A system and method for efficiently generating power using a gas turbine, a steam generating system (20, 22, 78) and a reformer. The gas turbine receives a reformed fuel stream (74) and an air stream and produces shaft power and exhaust. Some of the thermal energy from the turbine exhaust is received by the reformer (18). The turbine exhaust is then directed to the steam generator system that recovers thermal energy from it and also produces a steam flow from a water stream. The steam flow and a fuel stream are directed to the reformer that reforms the fuel stream and produces the reformed fuel stream used in the gas turbine.

Description

STATEMENT OF GOVERNMENT INTEREST

The U.S. Government has a paid-up license in this invention and the right in limited circumstances to require the patent owner to license others on reasonable terms as provided for by the terms of Contract No. DE-FG21-95MC32071 awarded by Department of Energy.

BACKGROUND OF THE INVENTION

1. Field of the Invention

The present invention relates to an economical method and system for generating power. More specifically, the present invention relates to a method and system for efficiently recovering thermal energy from gas turbine exhaust.

2. Description of the Related Art

Conventionally, the thermal energy recovery from gas turbine exhaust is accomplished by a recuperator, a regenerator, or a heat recovery steam generator. The sensible heat of the gas turbine exhaust is thus recovered into the sensible heat or latent heat of the inlet stream of the gas turbine. In this form of thermal energy recovery, the efficiency is limited by the temperature approach, or driving force, between the exhaust and the inlet streams.

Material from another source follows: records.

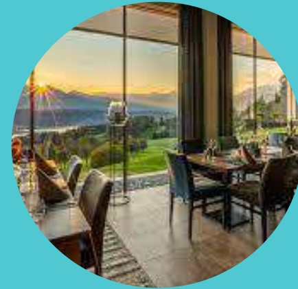
Nici's Golfrestaurant (Obermillstatt)
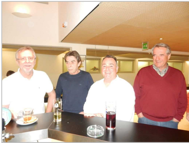
Alle freuen sich schon auf's Kegeln
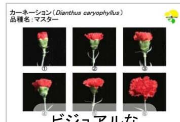
カーネーション ( Dianthus caryophyllus ) 品種名：マスター
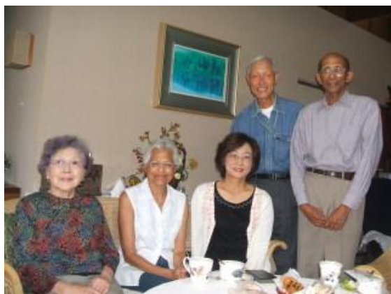
外国人の受入ボランティアとしても活躍中 (右から2番目が筆者)
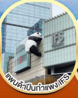
แพนด้าปีนกำแพง IFS

It is therefore desirable to provide a method and system for thermal energy recovery that is less dependant upon the temperature difference between the exhaust and the inlet streams of a gas turbine.

SUMMARY OF THE INVENTION

The claimed invention provides a system and method for efficiently generating power using a gas turbine, a steam generating system and a reformer. The gas turbine receives a reformed fuel stream and an air stream and produces shaft power and exhaust. Some of the thermal energy from the turbine exhaust is received by the reformer. The turbine exhaust is then directed to the steam generator system that recovers thermal energy from it and also produces a steam flow from a water stream. The steam flow and a fuel stream are directed to the reformer that reforms the fuel stream and produces the reformed fuel stream used in the gas turbine.

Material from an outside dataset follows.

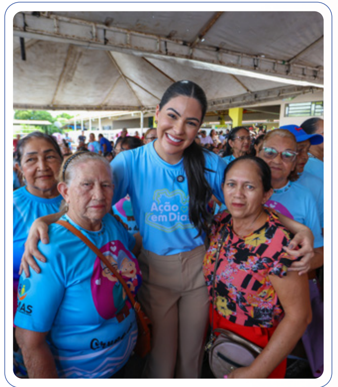
Mayra Dias destinou recursos para a construção do Centro do Idoso em Nhamundá.

Por meio de emenda ao Fundo Estadual de Assistência Social (FEAS), a deputada estadual Mayra Dias destinou R$ 1,5 milhão na construção do Centro do Idoso de Nhamundá. O investimento representa mais que a edificação de um espaço físico, é um gesto de respeito, responsabilidade e cuidado com quem ajudou a construir a história do município. O futuro Centro do Idoso será um ambiente pensado para oferecer apoio, acolhimento e serviços essenciais à população idosa, promovendo bem-estar, convivência, inclusão e uma vida ativa e saudável. A proposta contempla atividades socioculturais, atendimentos especializados e espaços de integração, reforçando o direito de envelhecer com dignidade. “Cuidar dos nossos idosos é garantir um presente mais justo e um futuro mais humano para todos”, afirma a deputada.

BRIEF DESCRIPTION OF THE DRAWINGS

FIG. 1 is a flow chart of the thermal chemical recuperation system according to the claimed invention.

FIG. 2 is a flow chart of the thermal chemical recuperation system incorporated into an electricity-steam cogeneration plant.

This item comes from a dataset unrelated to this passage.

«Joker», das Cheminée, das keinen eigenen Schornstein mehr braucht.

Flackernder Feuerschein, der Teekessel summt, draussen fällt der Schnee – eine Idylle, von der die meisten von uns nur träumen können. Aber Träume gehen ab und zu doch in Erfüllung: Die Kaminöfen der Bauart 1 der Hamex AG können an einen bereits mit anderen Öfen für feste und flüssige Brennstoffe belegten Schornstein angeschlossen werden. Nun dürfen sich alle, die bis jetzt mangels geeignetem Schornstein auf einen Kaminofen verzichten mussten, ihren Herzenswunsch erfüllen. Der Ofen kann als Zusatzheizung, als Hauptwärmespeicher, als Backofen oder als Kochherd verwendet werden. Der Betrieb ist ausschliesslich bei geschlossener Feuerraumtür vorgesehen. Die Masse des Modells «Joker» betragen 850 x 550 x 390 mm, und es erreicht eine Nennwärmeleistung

DETAILED DESCRIPTION OF THE PREFERRED EMBODIMENTS

Now referring to FIG. 1, a thermal chemical recuperation power generation system 10 of the claimed invention comprises a gas turbine system 30, a steam generating system 32, and a reformer 18. The gas turbine system 30 generates power and a compressed air/turbine exhaust stream 60 from an air stream 40 and a reformed fuel stream 74. The steam generation system 32 generates a steam flow 70 and a system exhaust 64 from the compressed air/turbine exhaust stream 60 and a water stream 66. The steam flow 70 is used by a reformer 18 to reform a fuel stream 72 to produce the reformed fuel stream 74 used by the gas turbine system 30.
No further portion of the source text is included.